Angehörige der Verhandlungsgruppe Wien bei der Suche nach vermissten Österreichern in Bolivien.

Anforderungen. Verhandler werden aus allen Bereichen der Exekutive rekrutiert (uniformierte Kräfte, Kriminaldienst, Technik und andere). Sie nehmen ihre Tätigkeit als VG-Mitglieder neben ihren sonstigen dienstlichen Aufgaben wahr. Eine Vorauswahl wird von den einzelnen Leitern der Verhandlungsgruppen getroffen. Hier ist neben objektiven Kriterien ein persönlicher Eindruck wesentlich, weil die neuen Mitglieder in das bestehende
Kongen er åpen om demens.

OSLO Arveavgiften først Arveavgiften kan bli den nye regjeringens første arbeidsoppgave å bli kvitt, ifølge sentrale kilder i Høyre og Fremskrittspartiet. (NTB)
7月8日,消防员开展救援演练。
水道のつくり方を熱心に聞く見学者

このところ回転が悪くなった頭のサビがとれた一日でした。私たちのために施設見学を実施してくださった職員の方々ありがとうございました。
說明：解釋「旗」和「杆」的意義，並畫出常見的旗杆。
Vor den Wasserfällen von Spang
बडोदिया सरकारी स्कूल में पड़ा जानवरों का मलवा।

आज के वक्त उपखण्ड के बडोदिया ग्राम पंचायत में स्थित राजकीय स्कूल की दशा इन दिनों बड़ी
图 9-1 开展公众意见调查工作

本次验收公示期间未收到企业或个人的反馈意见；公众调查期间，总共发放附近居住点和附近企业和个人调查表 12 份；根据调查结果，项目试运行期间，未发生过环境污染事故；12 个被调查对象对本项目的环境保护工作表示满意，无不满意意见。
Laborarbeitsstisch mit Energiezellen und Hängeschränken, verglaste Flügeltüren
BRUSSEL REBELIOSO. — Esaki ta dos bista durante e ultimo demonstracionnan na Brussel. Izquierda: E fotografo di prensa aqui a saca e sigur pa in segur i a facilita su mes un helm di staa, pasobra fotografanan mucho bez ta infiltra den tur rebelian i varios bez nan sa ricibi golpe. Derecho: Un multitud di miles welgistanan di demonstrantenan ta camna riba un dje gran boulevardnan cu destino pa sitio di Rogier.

---

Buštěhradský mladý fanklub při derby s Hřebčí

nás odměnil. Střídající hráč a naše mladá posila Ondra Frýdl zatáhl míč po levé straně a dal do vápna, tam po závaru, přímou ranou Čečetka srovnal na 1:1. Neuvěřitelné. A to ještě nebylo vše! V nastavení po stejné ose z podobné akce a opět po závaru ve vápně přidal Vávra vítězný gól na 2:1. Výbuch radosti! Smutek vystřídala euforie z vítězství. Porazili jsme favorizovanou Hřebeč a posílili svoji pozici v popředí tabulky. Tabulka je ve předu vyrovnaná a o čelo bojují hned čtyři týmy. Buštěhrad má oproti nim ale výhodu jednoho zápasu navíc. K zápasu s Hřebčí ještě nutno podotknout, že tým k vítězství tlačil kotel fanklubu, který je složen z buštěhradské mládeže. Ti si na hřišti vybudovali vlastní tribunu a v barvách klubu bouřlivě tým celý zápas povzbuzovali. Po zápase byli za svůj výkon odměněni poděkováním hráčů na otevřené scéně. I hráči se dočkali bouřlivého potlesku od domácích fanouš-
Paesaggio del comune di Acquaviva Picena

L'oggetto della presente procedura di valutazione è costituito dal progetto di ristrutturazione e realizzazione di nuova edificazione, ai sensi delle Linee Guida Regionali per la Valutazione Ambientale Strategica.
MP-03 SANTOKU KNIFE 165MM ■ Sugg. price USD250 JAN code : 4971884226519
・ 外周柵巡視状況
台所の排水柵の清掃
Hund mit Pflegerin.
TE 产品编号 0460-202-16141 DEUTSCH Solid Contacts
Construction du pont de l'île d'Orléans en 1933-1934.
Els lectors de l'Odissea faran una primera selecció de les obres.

**GOAL OF THE EXERCISE:** For the listing above, print only the lines starting at the line containing "このところ回転が悪くなった頭" and ending at the line containing "बडोदिया सरकारी स्कूल", exactly, both included.

**ANSWER TO THIS TASK:**
このところ回転が悪くなった頭のサビがとれた一日でした。私たちのために施設見学を実施してくださった職員の方々ありがとうございました。
說明：解釋「旗」和「杆」的意義，並畫出常見的旗杆。
Vor den Wasserfällen von Spang
बडोदिया सरकारी स्कूल में पड़ा जानवरों का मलवा।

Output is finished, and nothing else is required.